The Ronald E. McNair Post-baccalaureate Achievement Program, is a nationally recognized program funded by the U.S. Department of Education and it has been in operation at Rutgers University since 1991. The McNair program serves low-income, first generation college students and students from groups historically underrepresented in graduate education that aspire to attain a doctoral degree. The services provided are designed to prepare participants, who have demonstrated academic potential, with the research and scholarship skills necessary for entry into doctoral studies. For more information.
Encouraging Diversity at the Graduate Level: There is an NIH-funded training grant for diversity recruitment: “Initiative to Maximize Student Diversity”.
Among Rutgers most successful graduate recruitment vehicles has been an undergraduate research program, RISE (Research Intensive Summer Experience) at Rutgers, which brings rising seniors and juniors from across the nation to Rutgers to work with matched faculty mentors for 10 weeks. We have attracted many RISE alumni to apply to Rutgers for PhDs, and a number continued working with their summer mentors.
The Rutgers Youth Enjoy Science (RUYES) program seeks to encourage youth from groups that are underrepresented in the biomedical sciences to pursue cancer research and healthcare careers. RUYES will: engage high school science teachers in mentored cancer research and provide curriculum development support to create novel instructional approaches for teachers to take to classrooms; inspire, motivate and educate high school and undergraduate students through mentored cancer research training, co-curricular support, and professional development activities; Connect with middle school students and their families in their communities through innovative outreach activities to enhance awareness and appreciation of science education and research careers. Participants will engage in research and program related activities for three months per year for two years.
Summer Pipeline to Excellence at Rutgers Graduate (SUPER Grad) program: SUPER Grad works to assure a diverse student population and launched the summer pipeline that provides first year graduate fellowships for outstanding RiSE alumni. GR2aD also runs professional development programs for our faculty that focus on needs of diverse students and helps faculty identify and compete for minority supplements for grants.
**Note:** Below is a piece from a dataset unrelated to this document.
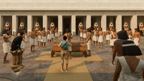 Pour le guider, la déesse égyptienne Bastet (qui a la forme d'un chat géant) et "Mona", un guide touristique qui se charge de détailler les prouesses de la construction des pyramides, la signification des dieux ...
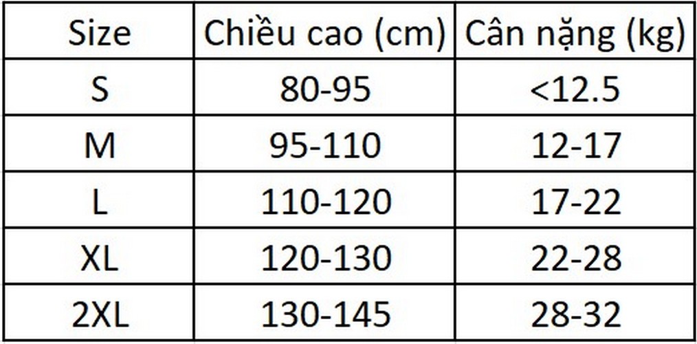 Quý khách tham khảo bảng size để lựa size phù hợp với bé

The CURE (Continuing Umbrella for Research Experience) Program at the Cancer Institute of New Jersey (CINJ) provides research training and academic and professional enrichment activities for highly motivated local high school and undergraduate underrepresented minority students.
Project L/EARN targets members of groups that have been traditionally under-represented in health-related graduate programs with the intent of increasing the number of health researchers from these groups. The program identifies students from economically disadvantaged backgrounds, racial/ethnic minority groups, first generation college attenders, and those with an interest in health disparities, and provides them with training, experience and mentoring to make them stronger candidates for admission to graduate programs. The program is an intensive ten-week internship for students who would like to obtain research skills and “hands-on” experience in health services research under the guidance of a distinguished faculty mentors. Project L/EARN is open to students from any U.S. college or university and is a research training program administered through the Rutgers Institute for Health, Health Care Policy and Aging Research.
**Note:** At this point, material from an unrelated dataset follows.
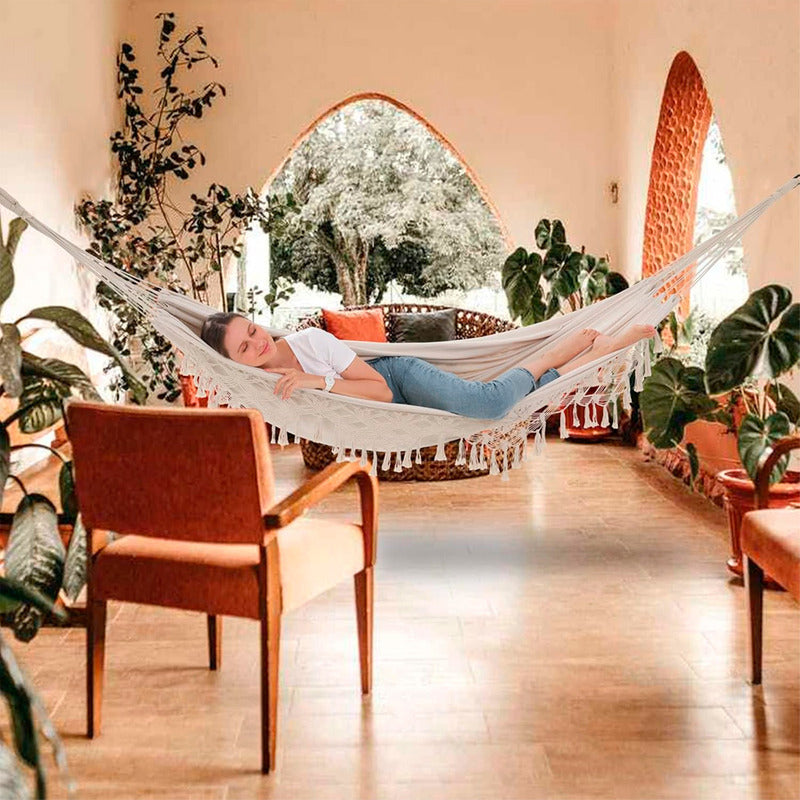 DESCRIPCION DEL PRODUCTO Esta hamaca está hecha de tela de lona de algodón/poliéster densamente tejida agradable al tacto, que es cómoda, transpirable y resistente, también duradera. El elegante diseño de borlas en ambos lados hace que la hamaca se vea excepcional. El lazo de cuerda en ambos extremos de la hamaca doble está tejido a mano con 15 cuerdas gruesas y 2 cuerdas cada grupo. La capacidad máxima de peso alcanza 100 kg, por lo que es súper segura y confiable. Proporciona suficiente espacio sin igual para dos personas mientras se adapta a la mayoría de los marcos de hamaca en el mercado. Ya sea que vayas de camping, senderismo o relajándote en el jardín, esta hamaca ligera con bolsa de transporte hará que tu embalaje sea más fácil. TAMAÑO: 250 cm x 80 cm COLOR: beige CONTENIDO DE LA COMPRA X1 Hamaca de terraza SOMOS ARCASHOPPING

The Big Ten Academic Alliance Diversity Initiatives is part of a National Research Mentoring Network grant with a mandate to broaden the face of the biomedical, social and behavioral sciences.
The NSF Northeast Alliance for Graduate Education and the Professoriate (Northeast AGEP), a partnership of 10 research-intensive institutions and 5 minority-serving feeders that develop mechanisms to recruit, support, and mentor underrepresented doctoral students, postdocs and faculty. Post NSF funding, we are collaborating as “NEAGEP Next” on an NIH NRMN pilot to develop multi-institutional virtual mentoring networks for underrepresented women faculty.
The National Name Exchange, a consortium of 55 nationally recognized research institutions which collect and exchange the names of underrepresented undergraduates planning graduate study.
Graduate Education for Minorities (GEM), a network of universities and companies that partner to provide opportunities for underrepresented minority students to earn fellowship (s for MS and PhD programs in the sciences and engineering.
The Institute for Teaching and Mentoring, the largest annual conference of minority doctoral scholars in the U.S., with the goal of providing strategies for success in graduate school and the professoriate. We select doctoral students and postdocs to participate with full funding.